To give you an example closer to my current home, there’s a story out of South Korea about an American dealing with a conflict of healthcare:

Wes Putman, 26, is lucky be alive after he was hit by a taxicab in Seoul. But now it will cost hundreds of thousands of dollars to bring him home.

Putman was living in South Korea and working as an English teacher. He suffered severe brain injuries when he was hit by the cab on his way home in the spring. Doctors said he will recover better back home in the U.S.

“Wes’ best chance for recovery is in familiar surroundings,” said Melissa Brazier, Putman’s aunt. “He needs to be around people he is familiar with, familiar voices and smells.”

Putman’s mother is with him at the hospital in Korea. He is responding to family but can’t talk and can barely move.

In order to get him home, the family will have to pay for an air ambulance which could cost around $130,000. Putman’s Korean insurance doesn’t cover the trip and since it happened outside the U.S., and they have been unable to get government help.

“It’s the hardest thing our family has ever had to go through,” said Nicole Powell, Putman’s aunt. “We can’t get a straight answer from anybody, we’ve talked to Senators, Representatives, we’ve even called the White House — nobody will help us.”

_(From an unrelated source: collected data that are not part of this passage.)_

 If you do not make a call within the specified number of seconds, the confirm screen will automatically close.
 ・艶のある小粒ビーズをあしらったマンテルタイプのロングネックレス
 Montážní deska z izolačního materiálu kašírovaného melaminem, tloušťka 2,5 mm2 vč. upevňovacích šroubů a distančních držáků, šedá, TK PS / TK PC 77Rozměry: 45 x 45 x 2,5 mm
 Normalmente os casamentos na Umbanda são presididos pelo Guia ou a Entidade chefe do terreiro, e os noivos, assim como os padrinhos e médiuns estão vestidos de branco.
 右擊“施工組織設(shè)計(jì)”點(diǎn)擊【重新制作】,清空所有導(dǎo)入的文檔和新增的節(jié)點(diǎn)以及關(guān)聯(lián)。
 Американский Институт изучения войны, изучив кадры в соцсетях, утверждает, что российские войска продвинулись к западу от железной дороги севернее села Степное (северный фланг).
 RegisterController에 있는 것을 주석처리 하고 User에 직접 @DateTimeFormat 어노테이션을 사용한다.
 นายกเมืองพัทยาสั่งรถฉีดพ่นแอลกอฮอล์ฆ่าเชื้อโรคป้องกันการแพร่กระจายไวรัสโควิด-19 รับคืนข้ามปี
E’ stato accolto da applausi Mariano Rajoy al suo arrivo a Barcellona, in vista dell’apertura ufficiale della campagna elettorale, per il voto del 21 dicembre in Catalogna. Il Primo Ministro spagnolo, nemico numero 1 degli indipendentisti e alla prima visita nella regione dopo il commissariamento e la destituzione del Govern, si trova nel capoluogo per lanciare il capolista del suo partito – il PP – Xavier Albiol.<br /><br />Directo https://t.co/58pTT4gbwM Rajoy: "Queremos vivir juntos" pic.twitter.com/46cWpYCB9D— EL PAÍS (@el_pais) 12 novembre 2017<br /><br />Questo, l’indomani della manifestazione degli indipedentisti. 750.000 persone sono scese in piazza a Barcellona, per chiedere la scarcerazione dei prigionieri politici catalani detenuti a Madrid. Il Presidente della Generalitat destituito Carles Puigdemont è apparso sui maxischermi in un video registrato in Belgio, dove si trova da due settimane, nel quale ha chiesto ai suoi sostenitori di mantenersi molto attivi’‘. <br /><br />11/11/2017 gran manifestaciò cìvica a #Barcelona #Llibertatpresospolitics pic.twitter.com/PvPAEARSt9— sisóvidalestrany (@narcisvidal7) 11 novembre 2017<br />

When I first heard of this incident, my feelings were pretty much across the board: sympathy towards a fellow expat; anger and fear of taxi drivers; condescension at his family for believing the US government would pay to repatriate a citizen working abroad. But most of all – forgive me for saying so – I saw the shortsightedness of his family. Despite the fact that the Korean doctors may believe Putman will recover better in familiar surroundings and around people he knows, he won’t recover at all if no one can pay for his treatment.

In South Korea, he’s insured! The government will pay for most of his hospital care. The cost of bringing him to America, not to mention any additional surgeries or treatments, will more than likely bankrupt everyone he knows because he’s uninsured in the US. To me, standing on the sidelines, the choice seems obvious: keep him in Korea. But I’m not his mother. Still, it seems very shortsighted to simply send him back home, cost be damned.

Again, it’s another reason I hesitate to simply hop the first flight come October 8th. I could sign up for a healthcare plan with some of my savings, but wouldn’t it become superfluous if I found a job with a good company? I’m insured here, and will continue to be so until I pass through immigration (maybe even then – not sure about airport laws concerning insurance). The US stance on opposing socialized medicine – fear of government control of healthcare – isn’t entirely without its merits, but overall, the same reaction that Wes Putnam’s family had to their boy’s plight: shortsighted. The gap between the rich and poor will widen as more people without means struggle to pay medical expenses out of pocket, and those in middle (myself included) will think of ourselves as immortal until some accident brings us back to reality.

That reality is: everyone should have health insurance. No exceptions. If we don’t have a system in place that makes that possible, then the system needs to change.

2 Responses to Foreign Concepts

  1. Andrea on June 29, 2011 at 12:57 pm

    I have heard similar stories about people going far into debt because of a freak health problem or accident in the US. And I also get similar responses as that of your student when discussing health care with non-Americans.

  2. Sarah on June 29, 2011 at 4:47 pm

    Even though I am Canadian, as another English teacher here in Korea, it is really scary to think about the safety and health concerns of foreigners once (if ever) they return home.

    On the plus side, this article has totally given me a topic for my free-talking adult class tonight!